Prolog systems aiming at iso-prolog conformity do not have to support compound terms with arbitrarily large arities. The Prolog flag max_arity
reflects this.
According to ISO/IEC 13211-1:1995:
7.11.2.3 Flag: max_arity
Possible values: The default value only
Default value: implementation defined
Changeable: No
Description: The maximum arity allowed for any compound term, or
unbounded
when the processor has no limit for the number of arguments for a compound term.
So Prolog systems may or may not impose an upper limit on max_arity
... but what about the lower limit? Is, say, 5
okay?
NO!
ISO/IEC 13211-1:1995/Cor.2:2012, Technical Corrigendum 2, defines call/2..8
as:
8.15.4 call/2..8
...
NOTE — A standard-conforming processor may implement call/N in one of the following ways because error condition d is implementation dependent (3.91).
All of these ways only imply Max_arity >= 8
—but nothing more.
So my question has (at least) two sides:
Prolog User:
"What is the maximum arity I may use if I want to avoid vendor lock-in?"
Prolog Implementor:
"What is the smallest Max_arity
I must support if I aim1 at ISO-Prolog conformity?"
Right now, I'm quite sure the answer is this:
Yes,
Max_arity = 8
is okay.
But is it in fact so? Are there clues I am missing?
Footnotes:
1) I do.
There is a gap somehow. max_arity only covers the compound size. But there is no flag for predicate size. The two things might vary as SWI-Prolog shows. But SWI-Prolog names the limit wrongly max_arity, although its not its max_arity flag:
/* SWI-Prolog 8.3.19 */
?- functor(_,f,10000).
true.
?- functor(F,f,10000), assertz(F).
ERROR: Cannot represent due to `max_arity' (limit is 1024, request = 10000)

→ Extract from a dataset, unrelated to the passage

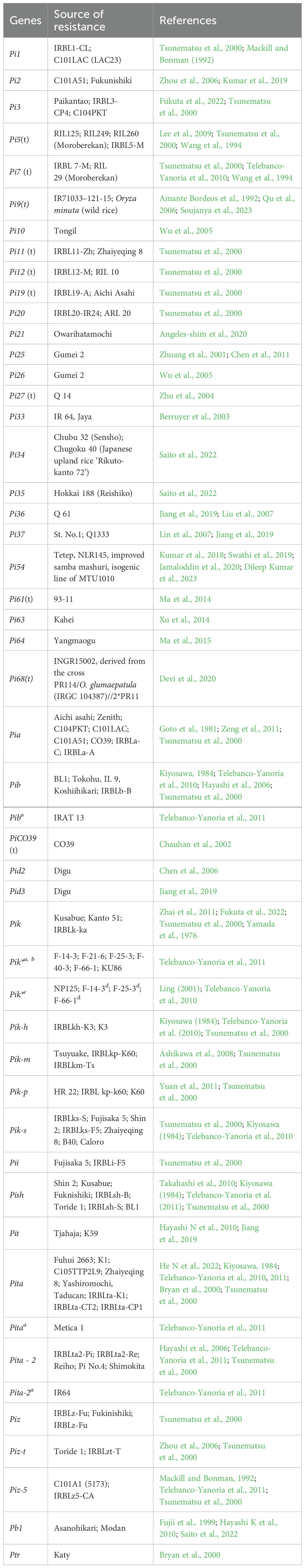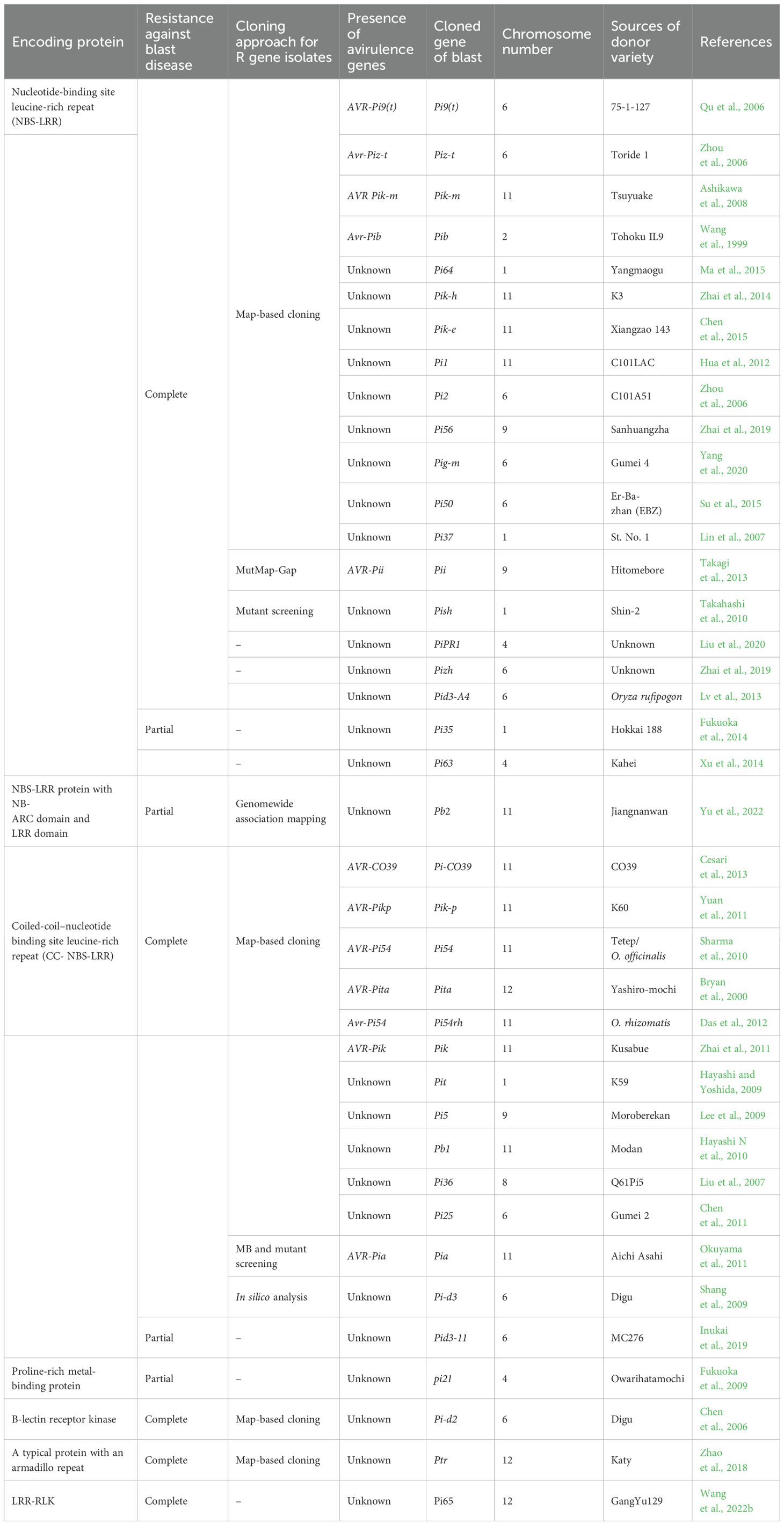 Analysis of rice germplasm with different races reveals complete resistance conferred by significant blast resistance (R) gene. However, the resistance may be broken down due to its single R gene locus having race-specific characteristics. Because of the progress in molecular marker development and functional genomics, blast resistance genetics in rice have been strengthened (Qian et al., 2023). R genes serve as the cornerstone of disease resistance. To date, 146 resistance genes of the blast have been identified; among them, 41 of these genes (Pib, Pit, Pish, Pita, Pi54, Pi-d2, Ptr, Pi9(t), Pia, Pi- C039, Pi65, Pi2, Piz-t, Piz-h, Pig-m, Pi50, Pi36, Pi37, Pik-h, Pik-m, Pi1, Pik-e, Pi56, Pi-d3, Pi25, pi21, Pb1, Pi5(t), Pii, Pik, Pid3A4, Pi35, PiPR1, Pi64, Pik-p, Pi63, Pid3-11, Pb2, Ptr, and Pi54-rh) have been cloned and functionally authenticated (Sahu et al., 2022; Younas et al., 2023). Among the array of identified resistance genes against blast disease, Pi54 and Pi2 are highly effective and provide broad-spectrum resistance (Aleena et al., 2023). The genetic analysis, mapping, and cloning of rice blast resistance have been extensively explored since the discovery of three independently inherited R genes, namely, Pia, Pii, and Pik, during the 1960s. R genes are distributed across 11 chromosomes of the rice genome, with a notable clustering on chromosomes 6, 11, and 12, representing 18%, 25%, and 21%, respectively (Ashkani et al., 2016). Since the cloning of the first R gene, Pib, 41 R genes have been successfully identified (Table 2). Except for pi21, which acts as a recessive R gene, the remaining 37 R genes exhibit dominance. All of the genes, excluding pi21, Pi35, Pi63, Pb1, and Pid3-I1, confer complete resistance. Pi-d2 encodes a B-lectin kinase domain protein (Chen et al., 2006), while pi21 encodes a proline-rich protein with a heavy metal domain (Fukuoka et al., 2012), and Ptr encodes an atypical protein with an armadillo repeat (Zhao et al., 2018); the remaining genes encode nucleotide-binding site leucine-rich repeat (NBS-LRR) domain proteins. Several R genes, including Pik, Pikm, Pik-p, Pi1, Pike, Pi5(t), Pia, and Pi-CO39, contain two NBS-LRR protein structural genes for blast resistance (Cesari et al., 2013). The Pi5-1, Pb1, pi21, and Pi63 genes are induced by pathogen infection, whereas the remaining genes are constitutively expressed. Most cloned R genes confer resistance against leaf blast at the seedling stage, while only a few, such as Pb1, Pi25, and Pi64, provide resistance to panicle blast (Cao et al., 2019).

?- current_prolog_flag(max_arity, X).
X = unbounded.
The predicate size limit might be more relevant to call/n than the compound size. The ISO core standard definition is a little unsatisfactory.
But its not thoroughly checked, but a fix on SWI-Prologs side is underway:
?- functor(F,f,10000), assertz(test:-F).
F = f(_ ...)
?- functor(F,f,10000), call(F,a).
%%% crash
Edit 25.02.2021:
The glitch in the error message is only explained when you look at the C-Code of SWI-Prolog, which has a C Constant MAXARITY with the meaning of predicate size. This Constant and the Error Message possibly predates the ISO core standard, which introduced another constant.